Олег наказал мне слушаться Септа, потому Я поспешил исполнить его волю. Толкнул сторожа и велел ему идти к задержанному. А сам припустил к воротам, не доходя шагов пятьдесят до заслона, дерево на частоколе вспыхнуло синим цветом, а в лицо ударило горячим воздухом, то дружки отравителей смогли подкрасться да пустить петуха (поджог). Наш забор жадно грызло пламя, послышались окрики, то Олег приказал выбить колья из забора, дабы не допустить распространение пожара. Подбежав к септу Наказания, передал ему просьбу Марука Тёмного. Тот лишь криво улыбнулся да пошёл в развалку к бочкам. Частокол не тушили, берегли воду, лишь, обжигая руки и паля волосы, обваливали колья, сбрасывая их наружу, да присылали землицей. Выгорело или было разобрано порядка двенадцати саженей частокола (двадцать четыре метра). Со стороны навеса раздался свист клеста, громкий и пронзительный с щелчками и переливами.

— Вязь чего-то балует, — удивлённо произнёс Олег.

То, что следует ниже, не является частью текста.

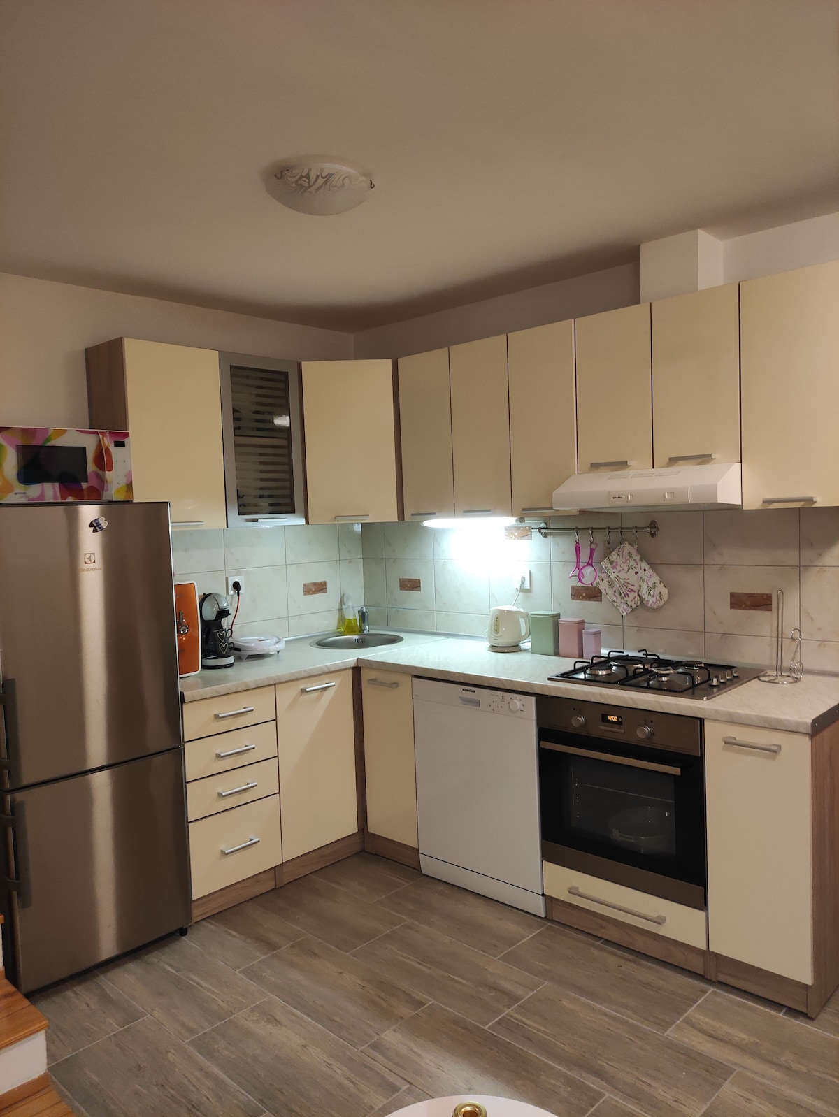 U prizemlju naše kuće su dvije spavaće sobe, kupaonica, WC, kuhinja i dnevna soba s izlazom na prednju terasu. Potkrovlje je otvoreni prostor s dnevnim boravkom i tri spavaća mjesta. U podrumu (konobi) nalazi se perilica rublja, dodatni stolovi i stolci te stolni nogomet. Iza kuće je velika terasa s vrtom i roštiljem. U neposrednoj blizini kuće je dućan prehrambenih namirnica i dva restorana. Lijepe plaže nalaze se 5 do 10 minuta vožnje automobilom, a sportaši mogu biciklirati i trčati.

Я не стал ничего говорить. Септы сами поведают о допросе. А со стороны бочек тянуло болью, ужасом и неизбежностью смерти. Я присел на покрытую сажей и дорожной пылью телегу и задумался. Как же Я устал от этой крови, от лжи и притворства. Ради монет и выгоды уже погибло трое наших ребят, а сколько покалеченных и погибших с другой стороны, боюсь предположить. Зачем мне такой Дар? Наказание это или проклятье?

— Что-то совсем скис, братко. Олег велел тебе идти к кострищу и отдохнуть. Мы тут постоим, ворога постережём. Не переживай, пока мы на посту, ты будешь в безопасности, — обнадежил меня Таран.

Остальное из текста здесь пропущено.